4 Marlborough Place, September 25, 1878.
My dear Parker,
As far as I recollect Ammocoetes is a vertebrated animal--and I ignore it.
The paper you refer to was written by my best friend--a carefulish kind of man--and I am as sure that he saw what he says he saw, as if I had seen it myself.
But what the fact may mean and whether it is temporary or permanent--is thy servant a dog that he should worry himself about other things with backbones? Not if I know it.
Churchill has got over a whole batch of the American edition of the Vertebrata, so I have a respite. Mollusks are far more interesting--bugs sweeter--while the dinner crayfish hath no parallel for intense and absorbing interest in the three kingdoms of Nature.

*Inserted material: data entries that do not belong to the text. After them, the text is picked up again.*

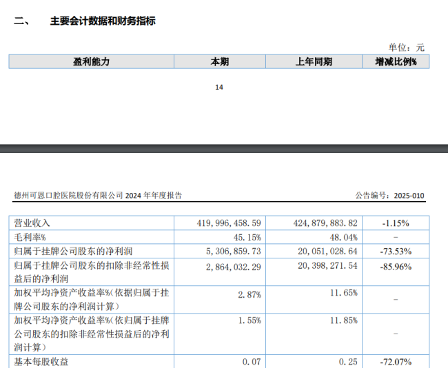 回溯可恩口腔最新披露的业绩情况,其2024年年度报告显示,报告期内公司实现营业收入4.20亿元,同比下降1.15%;归属于挂牌公司股东的净利润0.05亿元,同比下降73.53%。业务板块方面,口内牙周项目营收0.42亿元,同比增长1.81%,毛利率41.11%;修复项目营收0.91亿元,同比下降18.94%,毛利率45.21%;口外种植项目营收1.64亿元,同比增长16.77%,毛利率50.88%;儿牙正畸项目营收0.87亿元,同比下降8.54%,毛利率39.39%。
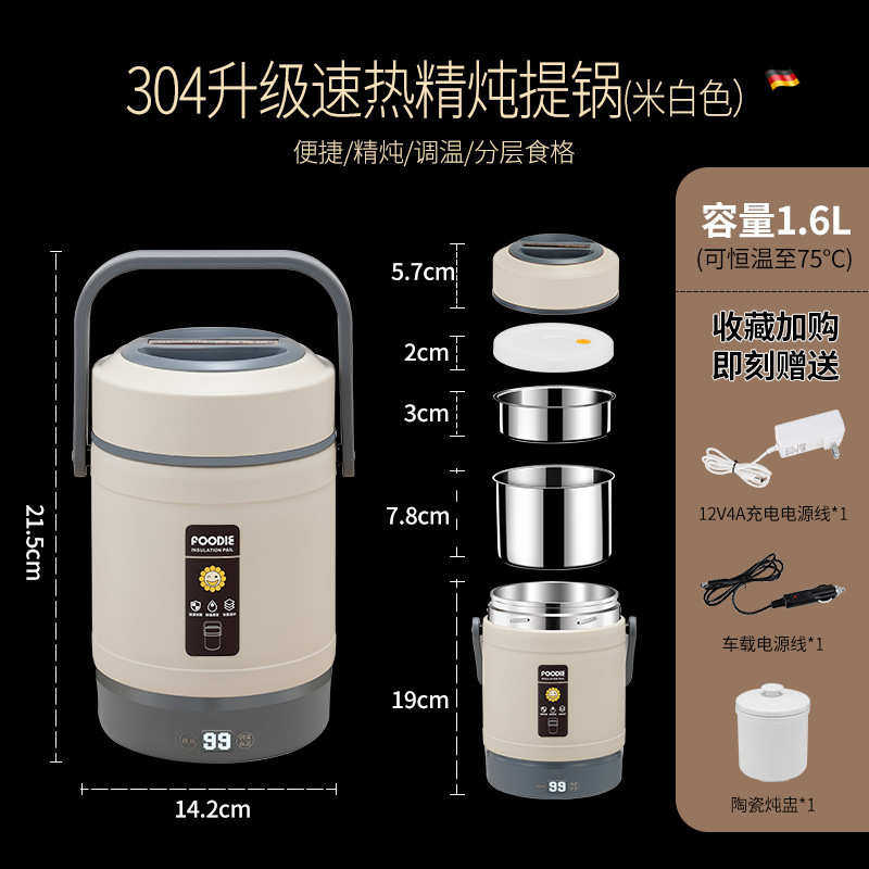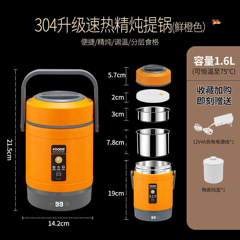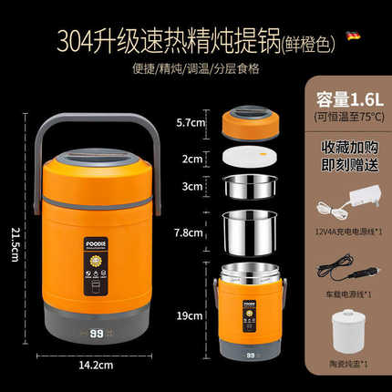 插餐盒饭盒便当可不锈钢保温桶电加热超长保温便携上班族车载kbq1
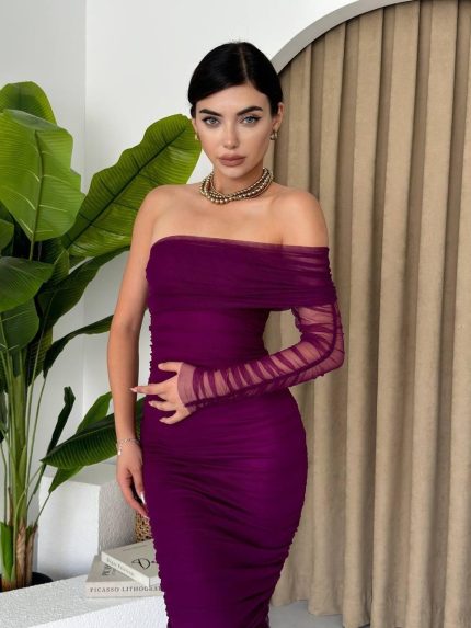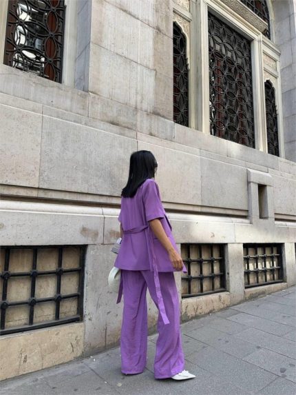 KISA KOL BAĞLAMA DETAYLI CEKET-PANTOLON TAKIM – Mor
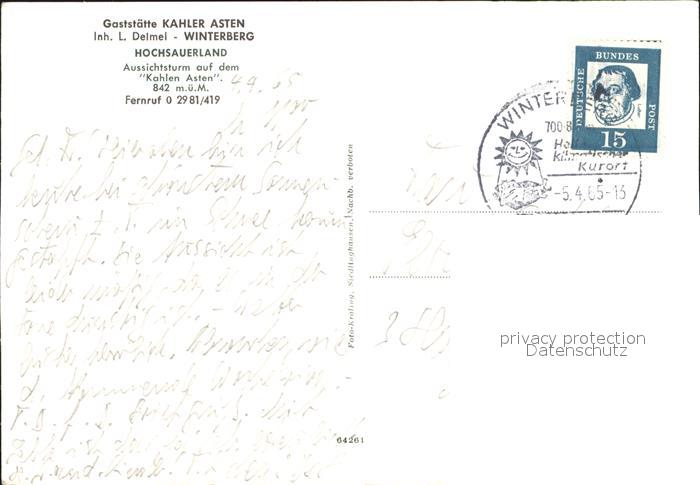 71940036 alte Postkarte Winterberg Hochsauerland Gaststaette Kahler Asten postalisch gelaufen Erhaltung siehe scans KatCode: 11110005958048
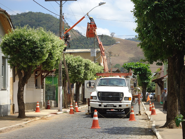 As antigas lâmpadas de vapor de mercúrio (luz branca) estão sendo trocadas por lâmpadas de vapor de sódio (luz amarela), melhorando a iluminação e economizando a energia da cidade.
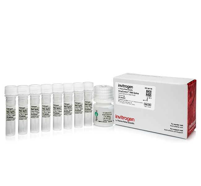 Ambion™ ArrayControl™ RNA Spike 包括8种大小为750至2,000个碱基的单一 RNA 转录本,具有30个碱基的 3' 多聚腺苷酸尾。将 RNA Spike 加入 RNA 样品中,用作制备标记 cDNA 的模板。各转录本均以1个含 1 µg 管的形式提供。
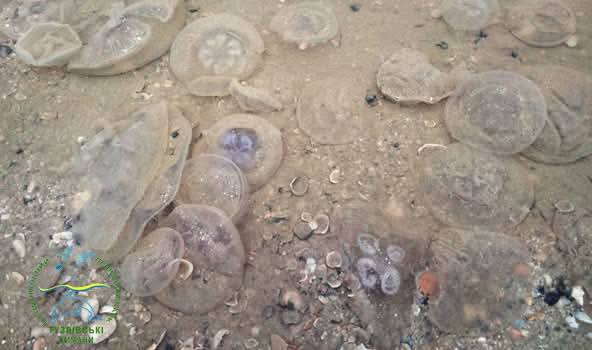 «Обстежуючи днями одну з ділянок нацпарку, ми виявили 2 км узбережжя, на якому було викинуто багато медуз виду Аурелія ушаста - Aurelia aurita. Їх тільки на піску, на межі з водою, ми нараховували 2-3 медузи на 1 м пересипу. А загалом тільки на піску біля води було майже 5000 дрібних медуз розмірами від 2 до 10 см (у середньому 5 см)», - повідомив еколог.
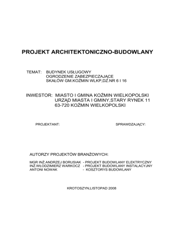 PROJEKT ARCHITEKTONICZNO-BUDOWLANY TEMAT: BUDYNEK USŁUGOWY OGRODZENIE ZABEZPIECZAJĄCE SKAŁÓW GM.KOŹMIN WLKP,DZ.NR 6 I 16 INWESTOR: MIASTO I GMINA KOŹMIN WIELKOPOLSKI URZĄD MIASTA I GMINY,STARY RYNEK 11 63-720 KOŹMIN WIELKOPOLSKI PROJEKTANT: SPRAWDZAJĄCY: AUTORZY PROJEKTÓW BRANśOWYCH: MGR INś.ANDRZEJ BORUSIAK - PROJEKT BUDOWLANY ELEKTRYCZNY INś.WŁODZIMIERZ WARKOCZ - PROJEKT BUDOWLANY INSTALACYJNY ANTONI NOWAK - KOSZTORYS BUDOWLANY KROTOSZYN,LISTOPAD 2008 2 SPIS ZAWARTOŚCI TECZKI 1. Projekt zagospodarowania działki. 2. Opis do projektu zagospodarowania działki. 3. Geotechniczne warunki posadowienia obiektu budowlanego. 4. Informacja dotycząca bezpieczeństwa i ochrony zdrowia. 5. Warunki ochrony przeciwpoŜarowej. 6. Opis techniczny do projektu architektoniczno-budowlanego. 7. Rysunki techniczne: nr 1 - rzut fundamentów, nr 2 - rzut przyziemia, nr 3 - rzut konstrukcji dachu, nr 4 - rzut dachu, nr 5 - przekrój, nr 6 - stopa fundamentowa słupa, nr 7 - stalowy element wieńczący, nr 8 - elewacje, nr 9 - elewacje, nr 10 - ogrodzenie zabezpieczające. 8. Zestawienie pozycji obliczeń statycznych i ich wyników. PROJEKTANT: 3 OPIS DO PROJEKTU ZAGOSPODAROWANIA DZIAŁKI 1. PRZEDMIOT INWESTYCJI. Na działkach nr 6 i 16,połoŜonych w Skałowie,projektuje się budowę ośrodka kulturalno-rekreacyjnego wraz z infrastrukturą techniczną. Zgodnie z zamierzeniami inwestora w jego skład będzie wchodzić budynek usługowy,zaplecze higieniczno-sanitarne,parking dla 24 samochodów osobowych, plac zabaw,boisko sportowe,plac gospodarczy. 2. ISTNIEJĄCY STAN ZAGOSPODAROWANIA DZIAŁKI. W chwili obecnej działka jest uŜytkiem rolnym.Na jej terenie nie ma drzew,ani Ŝadnych budowli podziemnych i naziemnych. 3. PROJEKTOWANE ZAGOSPODAROWANIE DZIAŁKI. Projekt zagospodarowania został opracowany dla terenu obejmującego działkę nr 16 oraz część działki nr 6. Przewidziano w nim budynek usługowy,placyk gospodarczy, przeznaczony na ustawienie szczelnego pojemnika na nieczystości stałe oraz przenośnych kabin toaletowych,parking dla 24 samochodów osobowych,plac zabaw,nawierzchnie utwardzone betonowymi elementami drobnowymiarowymi dla ruchu kołowego i pieszego oraz boisko sportowe.Na placu zabaw przewiduje się ustawienie 2 huśtawek podwójnych,waŜki i przeplotni. 4. ZESTAWIENIE POWIERZCHNI POSZCZEGÓLNYCH CZĘŚCI DZIAŁKI. - powierzchnia zabudowy budynku usługowego placyk gospodarczy boisko sportowe nawierzchnie utwardzone dla ruchu pieszego nawierzchnie utwardzone dla ruchu kołowego plac zabaw nawierzchnie trawiaste 112.87 69.00 2546.00 376.00 1189.00 320.00 1260.00 PROJEKTANT: m2 m2 m2 m2 m2 m2 m2 4 GEOTECHNICZNE WARUNKI POSADOWIENIA OBIEKTU BUDOWLANEGO Budynek usługowy,Skałów gmina Koźmin Wielkopolski,działki nr 6 i 16 1. Biorąc pod uwagę wielkość obiektu,sposób przekazywania obciąŜeń na podłoŜe oraz proste warunki gruntowe,ustala się I kategorię techniczną. 2. Lokalizacja obiektu połoŜona jest w niedalekiej odległości od budynków mieszkalnych i gospodarczych,w których w czasie dotychczasowej eksploatacji nie wystąpiły Ŝadne negatywne zjawiska świadczące o niekorzystnych warunkach geologicznych. W piwnicach nie ma oznak występowania wysokiego poziomu wody gruntowej. 3. Wnioski: 3.1. Grunt w obrębie budowy nadaje się do celów budowlanych. 3.2. Poziom wody gruntowej znajduje się poniŜej poziomu posadowienia stóp fundamentowych. 3.3. Przyjmuje się dopuszczalne napręŜenia na grunt 15 N/cm2. PROJEKTANT: 5 INFORMACJA dotycząca bezpieczeństwa i ochrony zdrowia 1. Nazwa i adres obiektu budowlanego. Budynek usługowy Skałów gmina Koźmin Wielkopolski,działki nr 6 i 16 2. Inwestor. Miasto i Gmina Koźmin Wielkopolski Urząd Miasta i Gminy,Stary Rynek 11 63-720 Koźmin Wielkopolski 3. Projektant. mgr inŜ.arch.Wiesław Świca 63-700 Krotoszyn,ul.Konstytucji 3 Maja 2/14. PROJEKTANT: 6 INFORMACJA dotycząca bezpieczeństwa i ochrony zdrowia Część opisowa 1. Roboty objęte projektem architektoniczno-budowlanym polegają na wykonaniu fundamentów,konstrukcji ciesielskiej,ścian z desek,dachu oraz posadzki. 2. Teren działki uŜytkowany jest rolniczo. 3. Na terenie placu budowy nie występują elementy zagospodarowania działki mogące stwarzać zagroŜenie bezpieczeństwa i zdrowia ludzi. 4. Na przedmiotowej budowie występować będzie jeden rodzaj robót budowlanych stwarzających zagroŜenie bezpieczeństwa i zdrowia ludzi,polegających na zagroŜeniu upadkiem z wysokości powyŜej 5 m. 5. Mimo,iŜ na budowie nie występuje kategoria robót szczególnie niebezpiecznych,kaŜdy pracownik oprócz szkolenia wstępnego winien zostać przeszkolony równieŜ na stanowisku pracy. 6. W trakcie prowadzenia robót budowlanych naleŜy uwzględnić wykonanie zabezpieczeń przed upadkiem z wysokości powyŜej 5 m przy wznoszeniu konstrukcji drewnianej oraz wykonywania deskowania i pokrycia dachu. Wszystkich pracowników prowadzących prace na wysokości naleŜy wyposaŜyć w szelki bezpieczeństwa. Przebiegające w bezpośrednim sąsiedztwie placu budowy utwardzone drogi publiczne zapewniają bezpieczną,sprawną i szybką ewakuację na wypadek poŜaru,awarii i innych zagroŜeń. PROJEKTANT: 7 WARUNKI OCHRONY PRZECIWPOśAROWEJ BUDYNEK USŁUGOWY SKAŁÓW GMINA KOŹMIN WIELKOPOLSKI,DZIAŁKI NR 6 I 16 INWESTOR: MIASTO I GMINA KOŹMIN WIELKOPOLSKI URZĄD MIASTA I GMINY STARY RYNEK 11,63-720 KOŹMIN WIELKOPOLSKI 1. PARAMETRY OBIEKTU. Powierzchnia zabudowy: 112.13 m2 Powierzchnia uŜytkowa: 100.60 m2 Kubatura: 415.25 m3 Ilość kondygnacji: 1 Maksymalna wysokość: 7.0 m 2. ODLEGŁOŚĆ OD BUDYNKÓW SĄSIADUJĄCYCH. NajbliŜsza odległość od budynku sąsiedniego wynosi 180 m. 3. PARAMETRY POśAROWE WYSTĘPUJĄCYCH SUBSTANCJI PALNYCH. W obiekcie nie występują substancje palne. 4. PRZEWIDYWANE WIELKOŚCI OBCIĄśENIA OGNIOWEGO. Nie dotyczy. 5. KATEGORIA ZAGROśENIA LUDZI,PRZEWIDYWANA LICZBA OSÓB W POSZCZEGÓLNYCH POMIESZCZENIACH I NA KAśDEJ KONDYGNACJI. Kat
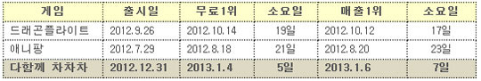 지난해 스마트폰 국민게임의 자리를 차지했던 ‘드래곤플라이트’와 ‘애니팡’의 경우도 구글플레이 인기무료 1위는 출시일로부터 각각 19일, 21일 정도 소요됐고, 최고 매출 1위도 각각 17일과 23일이 걸렸다. 이에 비해 '차차차'는 ‘카카오 게임하기’ 출시게임 중 최단 기간인 각 각 5일과 7일만에 이뤄내 더욱 주목받고 있다.
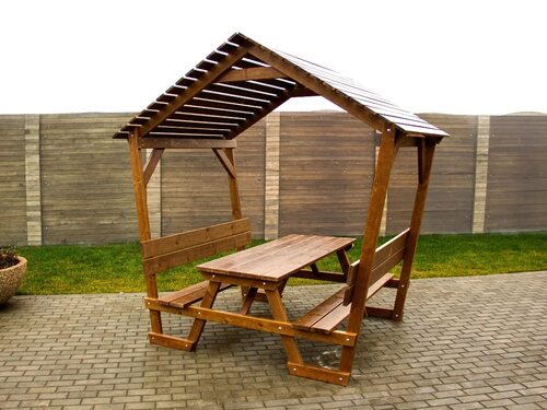 Стол уличный с навесом обладает прочной конструкцией, устойчивой к воздействию атмосферных явлений. Он может быть изготовлен из различных материалов, таких как дерево, металл или пластик, что позволяет выбрать оптимальный вариант в зависимости от ваших предпочтений и стиля обустройства участка.
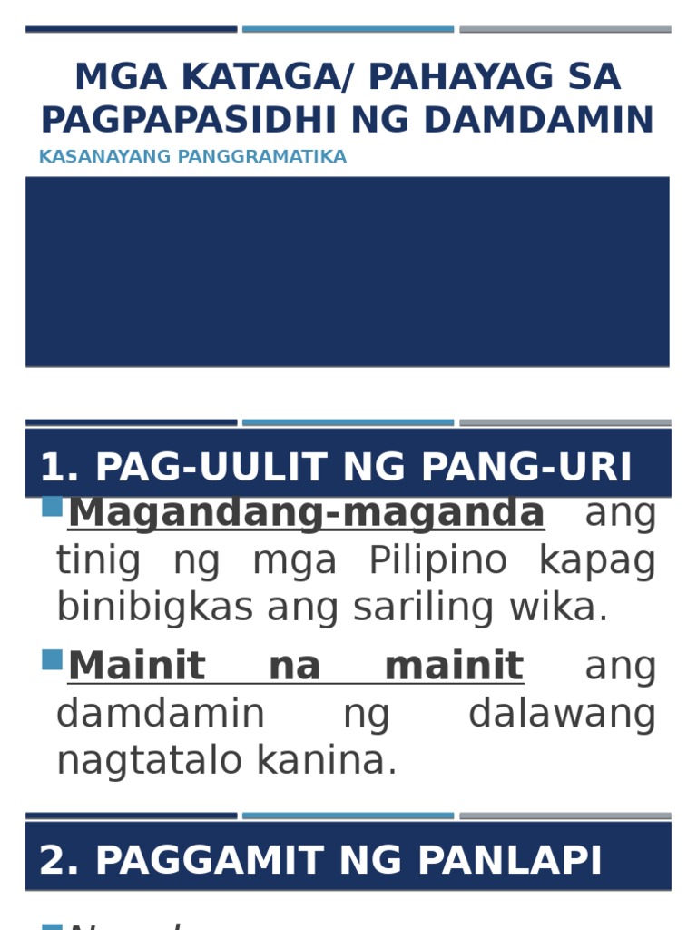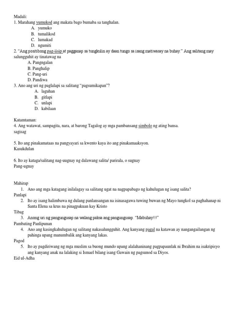 Ginitlapian - kapag gitlapi ang inilagay sa salitang-ugat. Nagsisinungaling ang gusto mo lang alam na natin ang totoo. The second was about tambalang salita or filipino compound words.

What saith the Scripture? "Go to the ANT thou sluggard." In other words, study the Invertebrata.
Ever yours very faithfully,
T.H. Huxley.
[Sketch of a vast winged ant advancing on a midget, and saying, as it looks through a pair of eyegla.s.ses, "Well, really, what an absurd creature!!"]
4 Marlborough Place, London, April 28, 1878.
My dear Haeckel,
Since the receipt of your letter three months ago, I have been making many inquiries about Medusae for you, but I could hear of none--and so I have delayed my reply, until I doubt not you have been blaspheming my apparent neglect.
My "Sammlung"!! [Collection.] My dear friend, my cabin on board H.M.S.